In the answer, transcribe exactly the lines from the beginning of the material through the line holding "Union Agriculture and", and skip every picture.
——
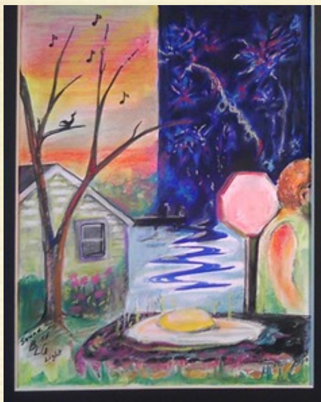
"Sound of light"

4th topic was "the sound of light" which generated a variety of projects including poetry about plants quietly growing with a painting of emerging plants. I thought of lightning first, then the light/sound on the first atom bomb test, but wanted more pleasant subjects, and ended up with a composite piece painted with pastel, watercolor, acrylic & watercolor brush pens with subtitle "Birdsong, Starburst, Ouch and Sizzle". The painting won an honorable mention in our Nobles County Art Show.
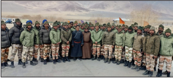
Union Agriculture and Farmers Welfare Minister, Narendra Singh Tomar along with MP Ladakh and ITBP forces during his visit to Dungti village on the eastern border of Changthang region in Ladakh.

Center's priority is to develop border villages, says Minister
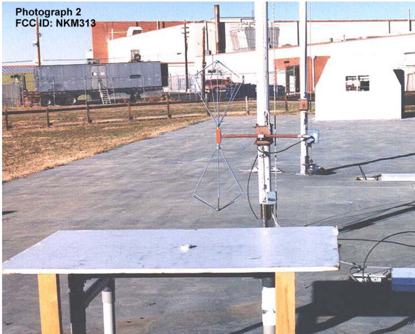
Photograph 2 FCC ID: NKM313
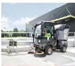
Public Services and Municipal Equipment
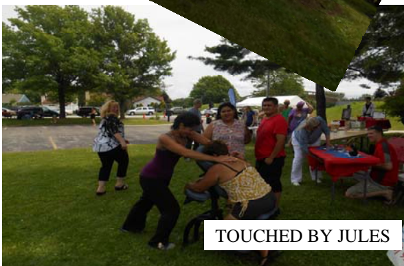
TOUCHED BY JULES
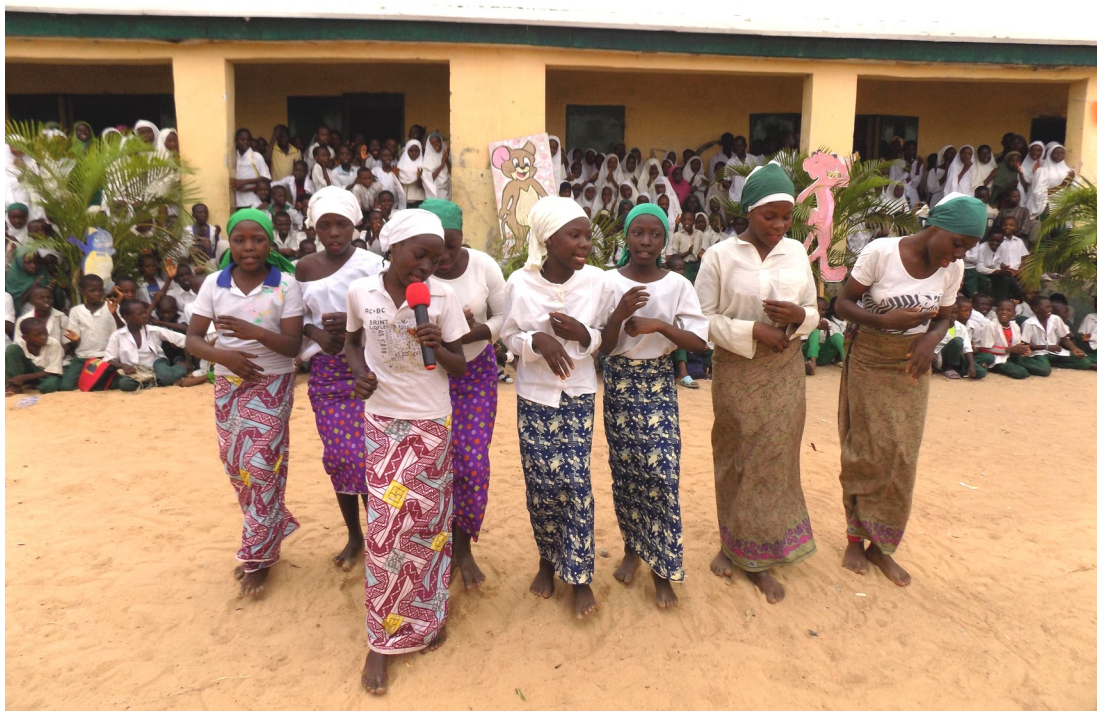
LEA Unguwan Rimi Students performing a traditional dance
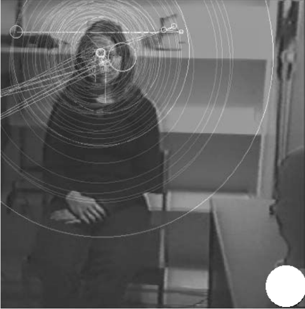
Figure 4. The saccades, fixation locations, and fixation durations of an addressee looking at a speaker. The diameter of the circles indicates the duration of the fixation. The fixation comparison point in the bottom right corner equals one second.
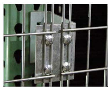
Offset brackets are available in different distances
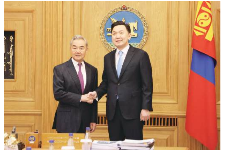
Mongolian Prime Minister Nyam-Osor Uchral (right) shakes hands with visiting Foreign Minister Wang Yi, also a member of the Political Bureau of the Communist Party of China (CPC) Central Committee, in Ulan Bator, Mongolia, yesterday.

The prime minister expressed Mongolia's willingness to work closely with China to effectively implement the important consensus reached by the two heads of state, maintain high-level exchanges, deepen political mutual trust, enhance connectivity, advance cooperation agreements and major projects, and promote the continued development of the Mongolia-China comprehensive strategic partnership.
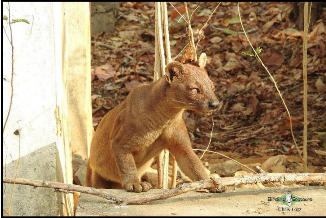
Fosa is seen with some regularity in Kirindy Forest Reserve.
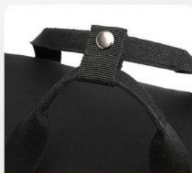
Comfortable Top Carrying Handle
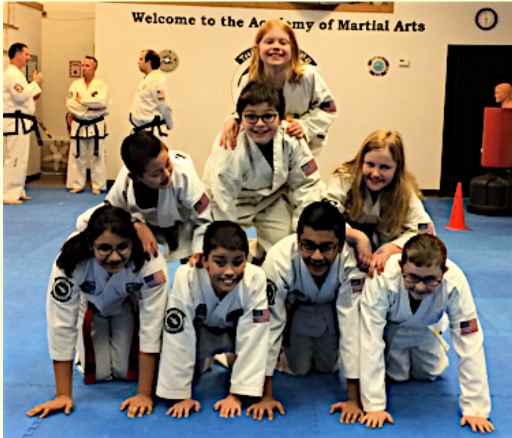
The Study of Taekwon-Do: Absolute Seriousness At All Times

The 11th Annual Axe Taekwon-Do Tournament will be held at Axe Taekwon-Do, Bellevue, Nebraska, on April 21. Should be an awesome event.
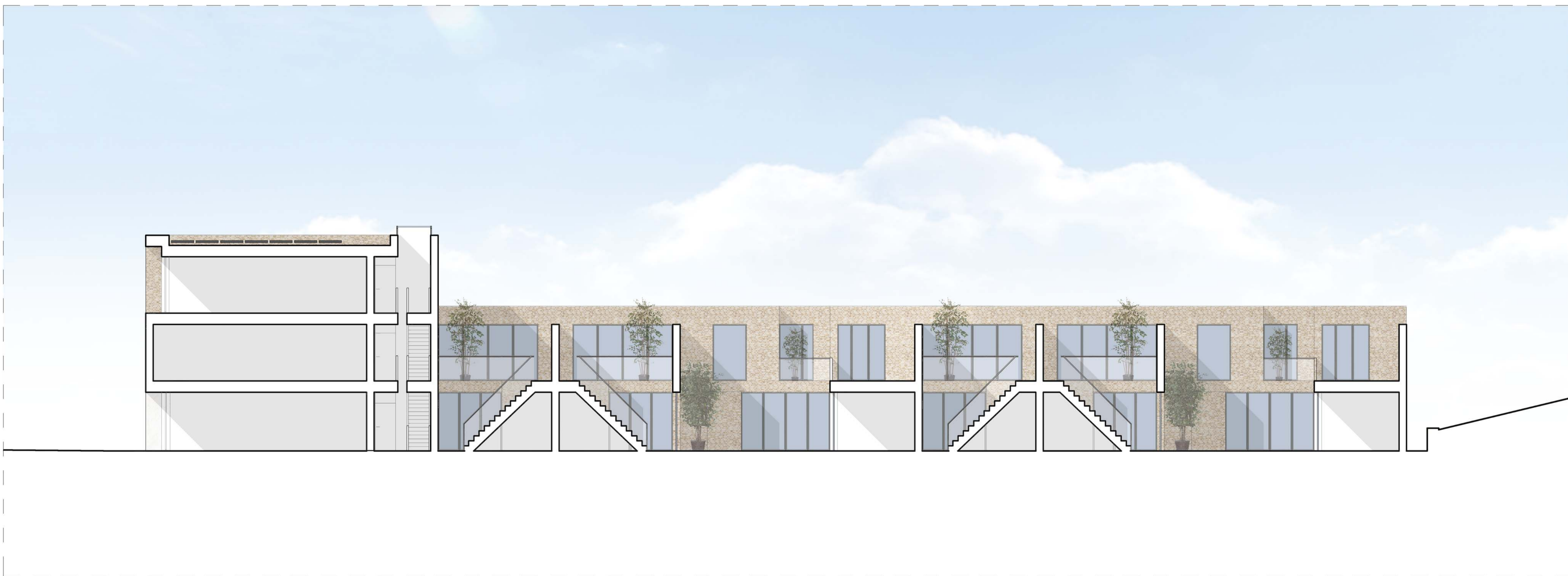
02 Section BB
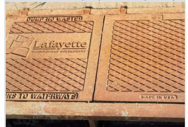
An inlet drain top, Lafayette's BABM entry from last year
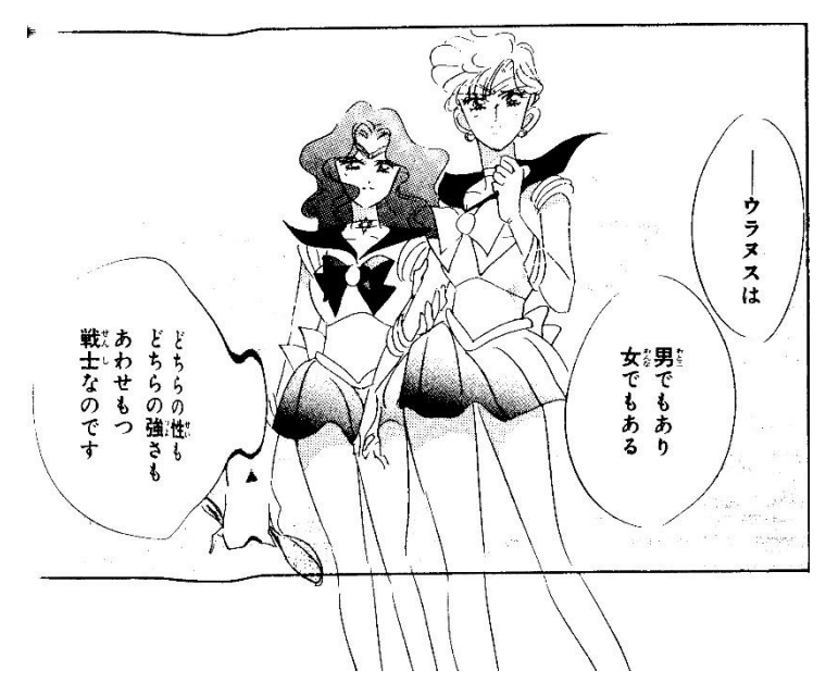
Fig. 5: Sailor Uranus reveals his/her sexual identity to be androgynous (TAKEUCHI 1994/3: 20)

Manga and anime are different media. In manga, there is no possibility for a direct vocal expression, so the presentation of Haruka is inevitably different to her anime counterpart. However, if the anime version had been more loyal to the original—which defines its gender by corresponding first-person pronouns and costumes—the anime-Haruka would have spoken differently: when Sailor Uranus said »atashi«, the voice would have betrayed a higher pitch, it could have sounded much more feminine. In comparison with the androgynous manga-Haruka, her anime version crosses the gender boundary and stands out significantly, since the identification of Haruka's gender is not an important issue in the anime version. While Haruka's gender identity is the subject of six episodes in the manga, the same issue is resolved within a single anime-episode. But while Haruka's gender is only a minor explicit topic within the anime narrative, these questions are presented as much more complicated in formal terms. In the episodes that follow, she stays in male attire and speaks in a much lower-pitched voice (even in comparison to the only male protagonist, Mamoru), although she is definitively presented as female. For this reason, we can say that she deviates from stereotypical female characters to a large degree.
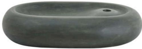
faucet not included

W: 23- \frac{1}{2} " D: 15- \frac{1}{2} " H: 4- \frac{3}{4} "
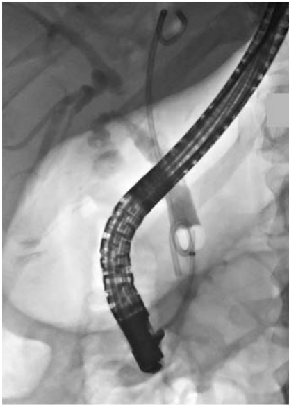
► Fig. 2 Balloon placement parallel to the stent with traction retrieval.
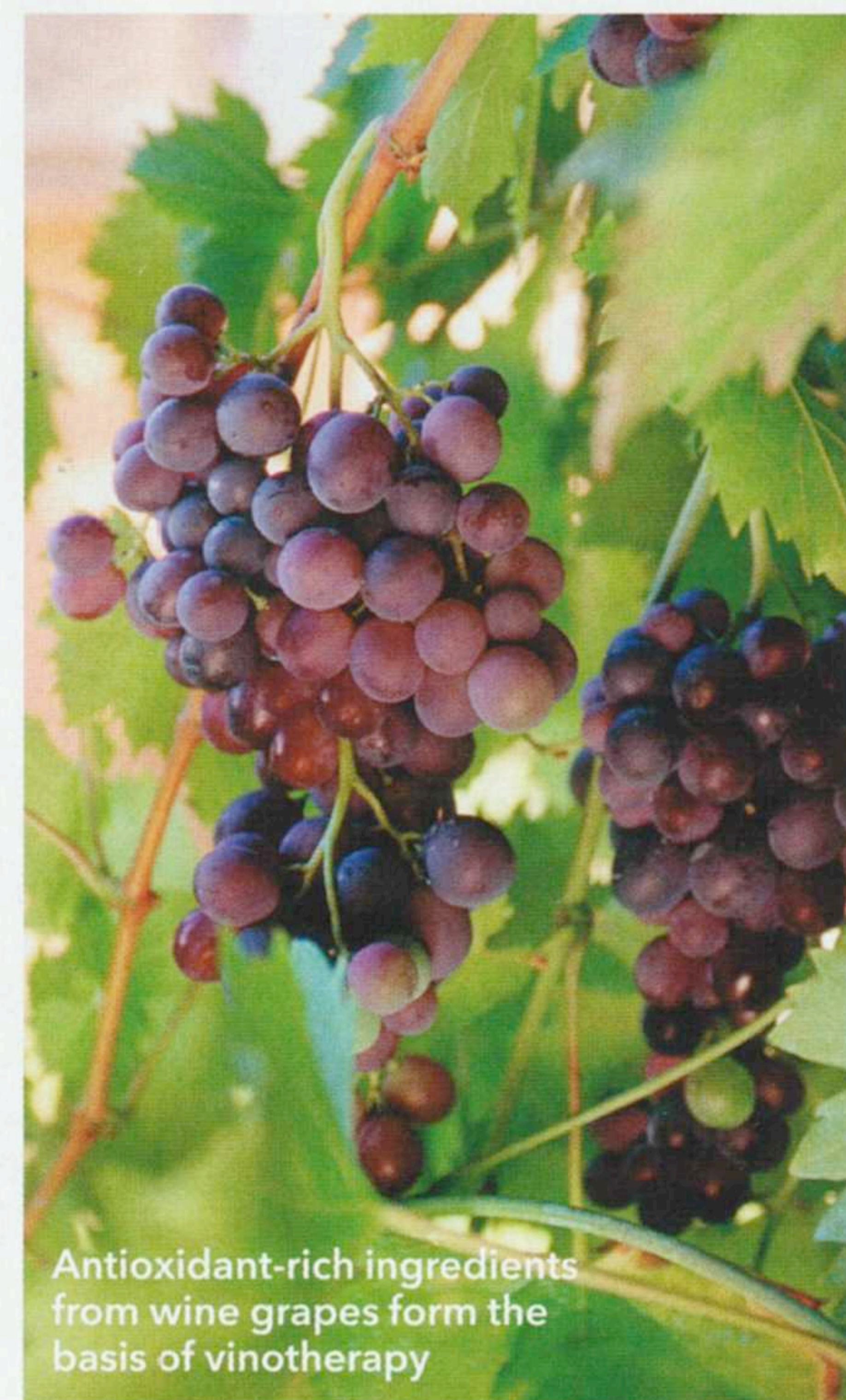
Antioxidant-rich ingredients from wine grapes form the basis of vinotherapy

If you prefer to try whipping up your own money-saving grape scrub, Susannah Marriot, author of 1001 Ways To Relax, suggests: 'Take 4-6tbsp grapeseed oil and add 1tbsp sea salt . Mix with 4-6 drops essential oil of rose , which is full of anti-ageing properties, and 2tbsp red wine . Put the contents into a jam jar and shake hard until the mixture emulsifies. Rub all over your skin to exfoliate and then hop into a nice warm bath and wash off. The smell of the red wine in the water will help to release feel-good endorphins, leaving you feeling happy and relaxed.'
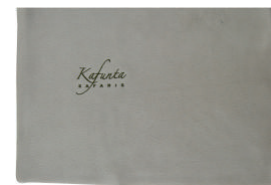
PF BLANKET RAW CUT EDGE AT454F - 140 X 100 - from R85.00 AT454E - 140 X 150 - from R126.00 AT454G - 140 X 200 - from R160.00
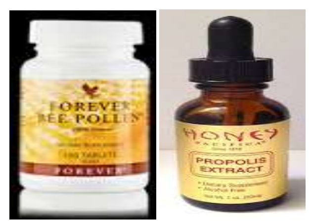
Fig. 3. Marketed tablets and drops formulations.

Ethyl cellulose micro particles containing propolis ethanolic extract (PE) were prepared by the emulsification and solvent evaporation method. Three ratios of ethyl cellulose to PE dry residue value (DR) were tested (1: 0.25, 1: 4, and 1: 10). Moreover, polysorbate 80 was used as emulsifier in the external phase (1.0 or 1.5% w/w).
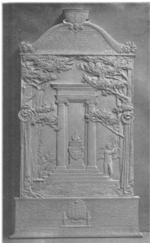
Plate 23.—Saint-Gaudens. "Plaque Commemorating Cornish Masque."

to any one who ever came in contact with him—to any one, even, who ever saw his portrait. In his spare but strong-knit figure, his firm but supple hands, his manner of carrying himself, his every gesture, one felt the abounding vitality, the almost furious energy of the man. That extraordinary head, with its heavy brow beetling above the small but piercing eyes, its red beard and crisp, wiry hair, its projecting jaw and great, strongly modelled nose, was alive with power—with power of intellect no less than of will. His lack of early education gave him a certain diffidence and a distrust of his own gifts of expression. He was apt to overrate the mere verbal facility of others and to underestimate himself in the comparison—indeed, a certain humility was strongly marked in him, even as regards his art, though he was self-confident also. When he was unconstrained his great powers of observation, his shrewdness of judgment, his bubbling humor, and a picturesque vivacity of phrase not uncommon among artists made him one of the most entrancing of talkers.
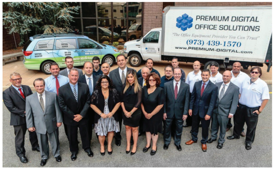
The Premium Digital Office Solutions team.
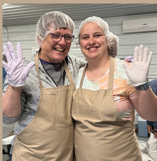
SEEK AND SERVE
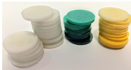
Figure 2. Li-tetraborate fusions and plastic beads suitable for Laser SC analysis
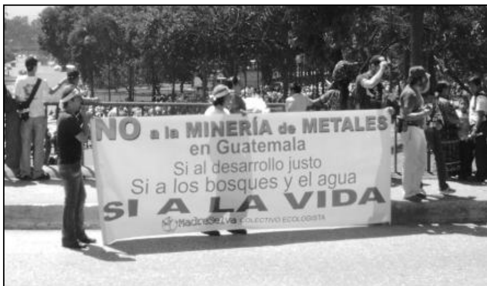
Participation of Madre Selva in a protest in the in the capital.
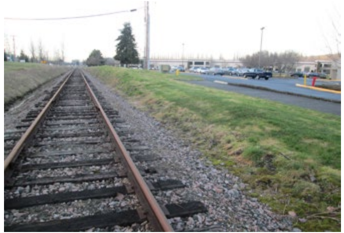
LOCATION 29 - Looking north at asphalt path in front of Cosco Fire Protection
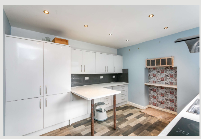
SELLING YOUR OWN HOUSE? We will be happy to provide free valuation and marketing advice, without obligation - please ask for details.

VIEWING: By appointment with our office.
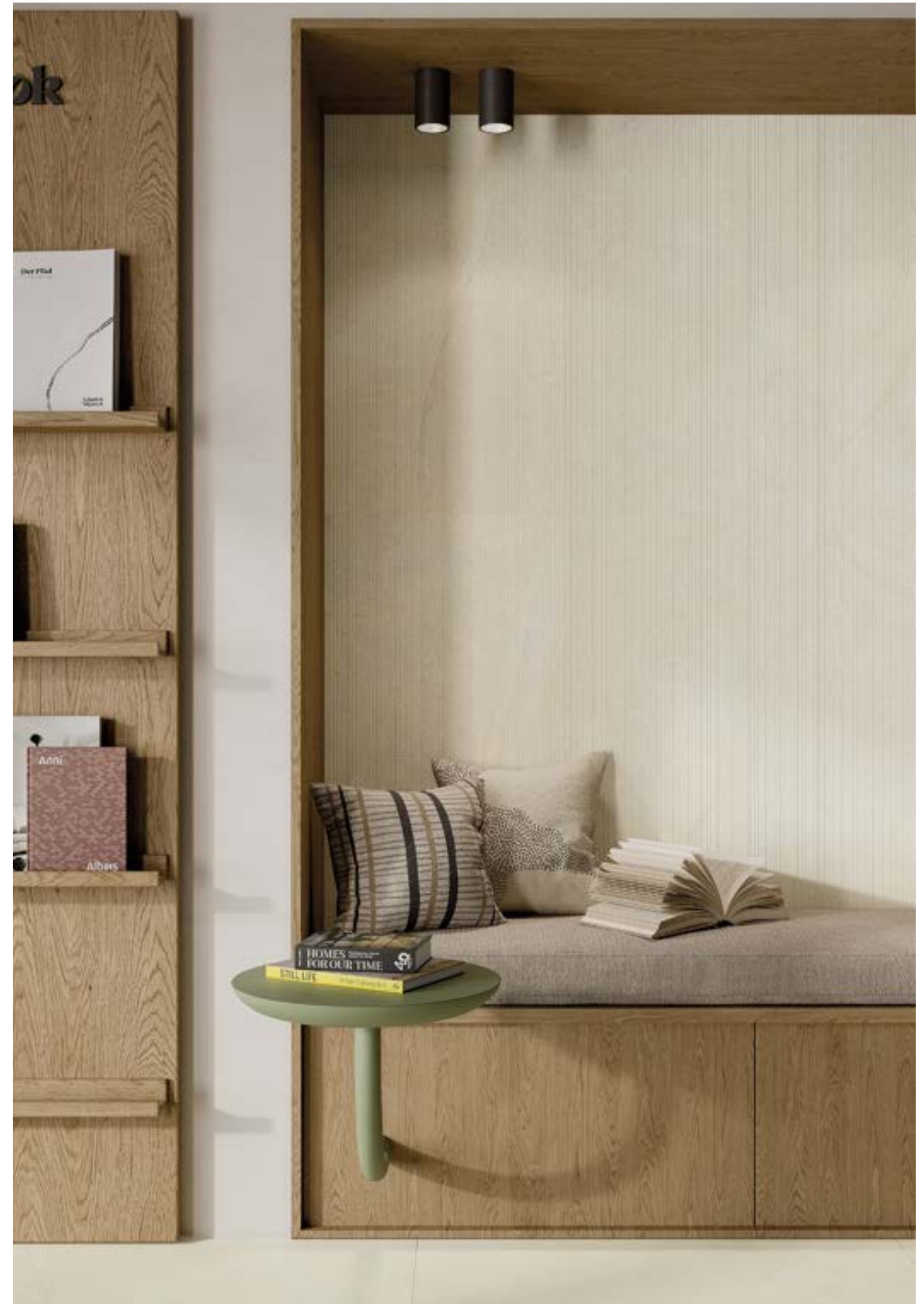
Collection: Dune | Color: Lime – Wave Decor
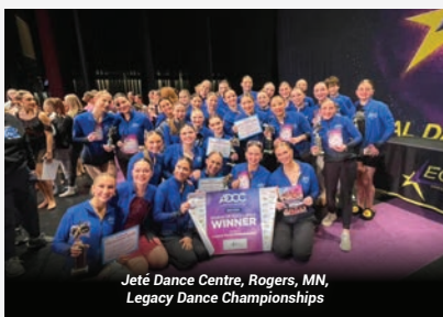
Jeté Dance Centre, Rogers, MN, Legacy Dance Championships
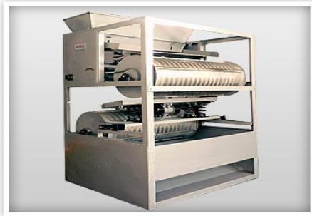
Double drum type magnetic separator

The screened material flows from vibrating screen that is the mixture of slag & metal contents goes to magnetic separator. Magnetic separator is most useful for non electric separating for separating iron from non magnetic product in bulk quantity for purity of end product, metal having commercial value. As the material feed from vibrating screen to magnetic separator, the powerful magnetic field attracts & hold iron particles from the revolving shell & slag contents falls freely from the shell, while iron particles are automatically discharged at the other end.
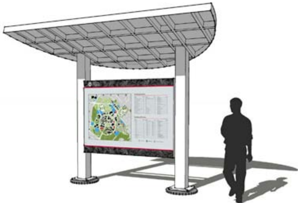
Map Directory Kiosk [Sign 4]
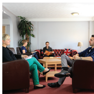
Relax in the Adult Lounge
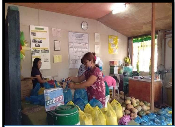
CARC Personnel Repacking the food packs for assistance- Pontevedra, Negros Occ.

Casal-agan Agrarian Reform Cooperative (CARC) is situated at Barangay Antipolo, Pontevedra, Negros
——
## Exercise response
"Sound of light"

4th topic was "the sound of light" which generated a variety of projects including poetry about plants quietly growing with a painting of emerging plants. I thought of lightning first, then the light/sound on the first atom bomb test, but wanted more pleasant subjects, and ended up with a composite piece painted with pastel, watercolor, acrylic & watercolor brush pens with subtitle "Birdsong, Starburst, Ouch and Sizzle". The painting won an honorable mention in our Nobles County Art Show.
Union Agriculture and Farmers Welfare Minister, Narendra Singh Tomar along with MP Ladakh and ITBP forces during his visit to Dungti village on the eastern border of Changthang region in Ladakh.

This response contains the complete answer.